Analyzing the Buzz Around Cybersecurity Vulnerabilities
Analyzing the most-discussed cybersecurity vulnerabilities on Reddit, with a focus on community engagement, sentiment analysis, and the factors that drive conversations around these vulnerabilities.
Analyzing the Buzz Around Cybersecurity Vulnerabilities: What Gets the Community Talking?
Every day, dozens—sometimes hundreds—of new cybersecurity vulnerabilities are discovered. Yet, only a handful manage to capture the attention of the cybersecurity community. What makes some vulnerabilities stand out? Is it their severity, the impact on critical systems, or perhaps just the sheer absurdity of their exploit mechanisms? Out of curiosity (and a pinch of research enthusiasm), I decided to dive into the data to uncover which vulnerabilities have historically sparked the most discussion.

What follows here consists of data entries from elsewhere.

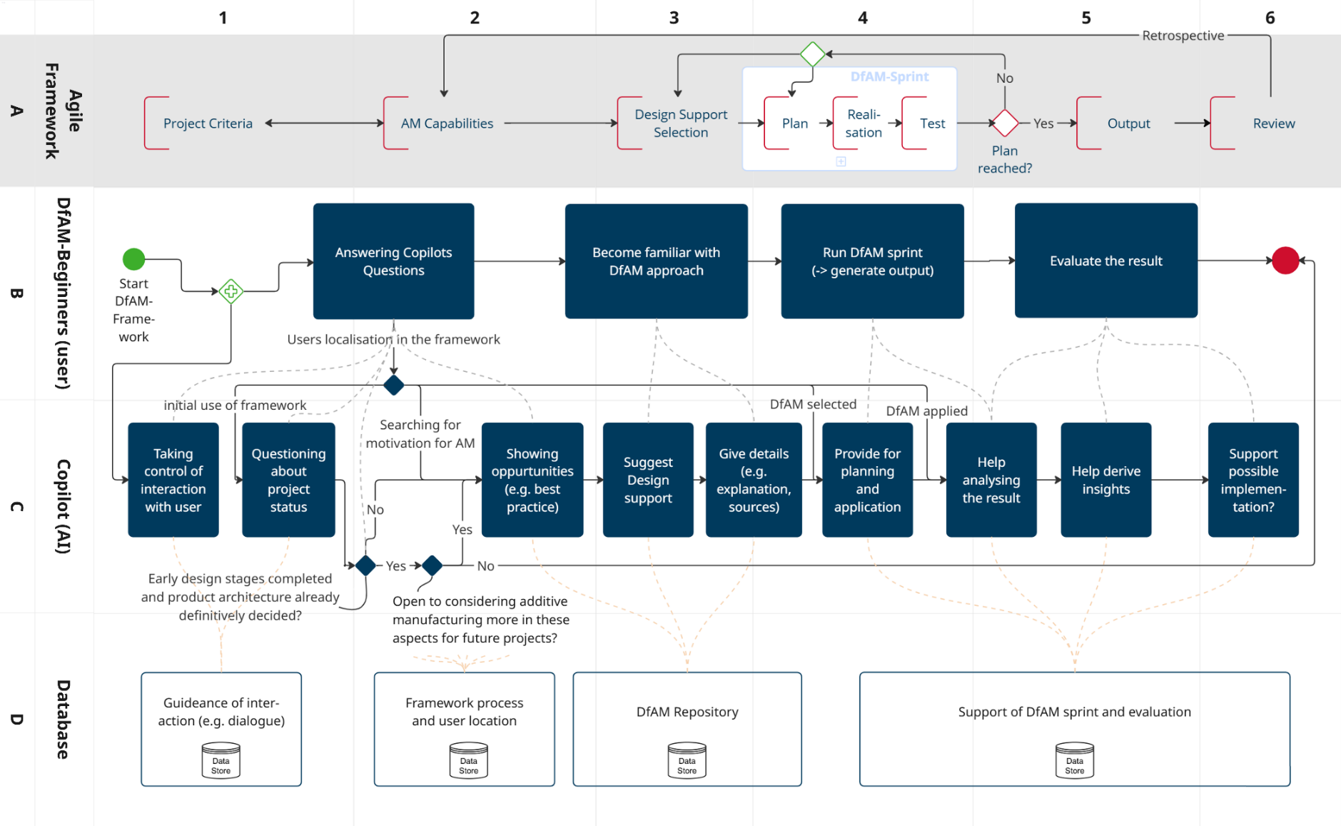 The structure of the framework is based on an approach that is inspired by an agile framework called scrum You can find further information about it in this paper. If you are interested in learning more about the development of the framework, you can read about its creation another publications (coming soon). The BPMN diagram below shows the framework of the the basic structure process. The four lanes (a-d) represent the main elements / actors.
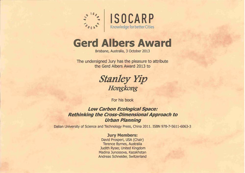 “国际城市与区域规划师学会(International Society of City and Regional Planners, ISOCARP)2013年度“葛德•阿尔伯斯奖”(Gerd Albers Award) 颁发给了公司兼职教授叶祖达博士于2011年出版的《低碳生态空间:跨维度规划的再思考》一书(大连理工大学出版社. ISBN 978-7-5611-6063-3)。
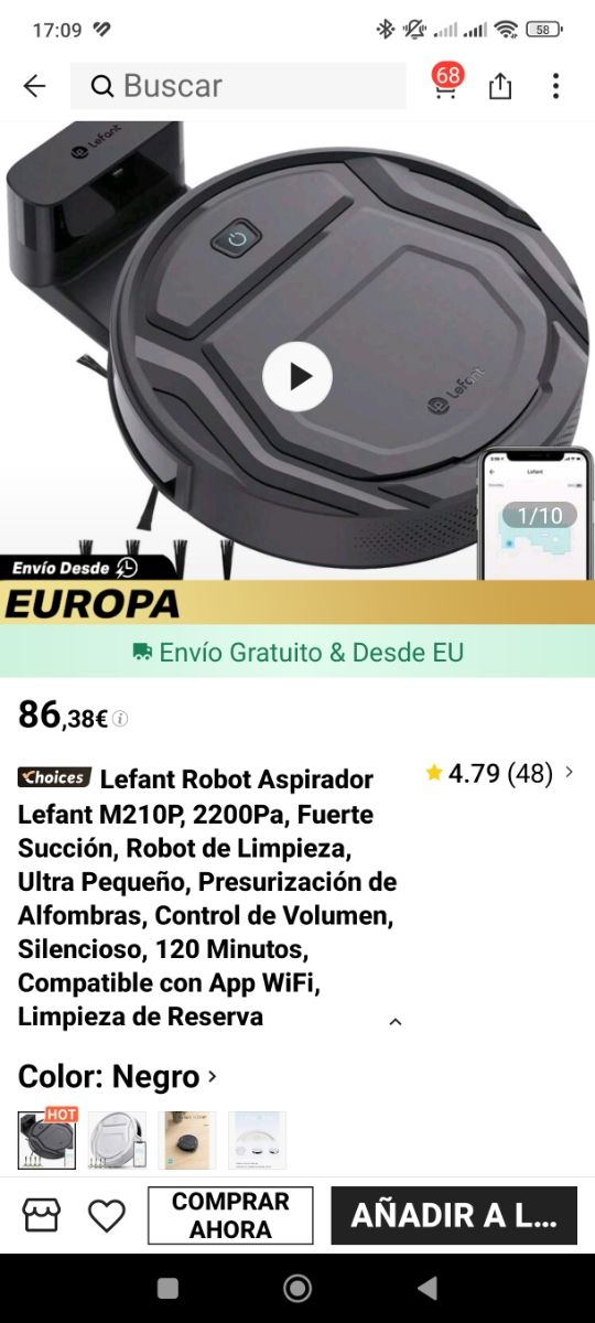 Detalles del productoRobot aspirador Lefant M210P, sin abrir y en su embalaje original.
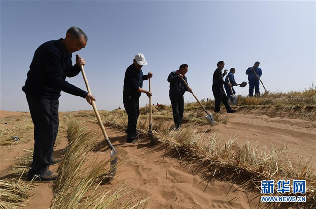 在甘肅省古浪縣境內(nèi)的黑崗沙風(fēng)沙口,八步沙第二代治沙人用稻草壓沙(2019年3月26日攝)。新華社記者 范培珅 攝

The Search for Meaningful Data
Although there are paid services and established platforms that effectively track vulnerability trends, I was curious to see what insights I could uncover on my own. Platforms like Twitter (now X) or LinkedIn were obvious choices, but many community-driven projects using their APIs have struggled due to changes in free tiers or rising costs. Reddit, however, offers a viable alternative, with its API remaining free (for now), albeit with rate limitations. Bless them 🙏
To kick things off, I focused on vulnerabilities listed in the CISA Known Exploited Vulnerabilities Catalog, This catalog is maintained by the Cybersecurity and Infrastructure Security Agency (CISA) and includes vulnerabilities that are actively being exploited in the wild. It serves as a reference for critical vulnerabilities that have been identified as high priority due to their potential impact on systems and infrastructure. This seemed a logical starting point—if any vulnerabilities were going to ignite discussion, these would be it.
For data mining, I used aPRAW, a Python wrapper library for Reddit’s API, which allowed me to collect data on posts, comments, reactions, and other engagement metrics for specific CVEs. Admittedly, this wasn’t groundbreaking work, but it did yield some interesting insights.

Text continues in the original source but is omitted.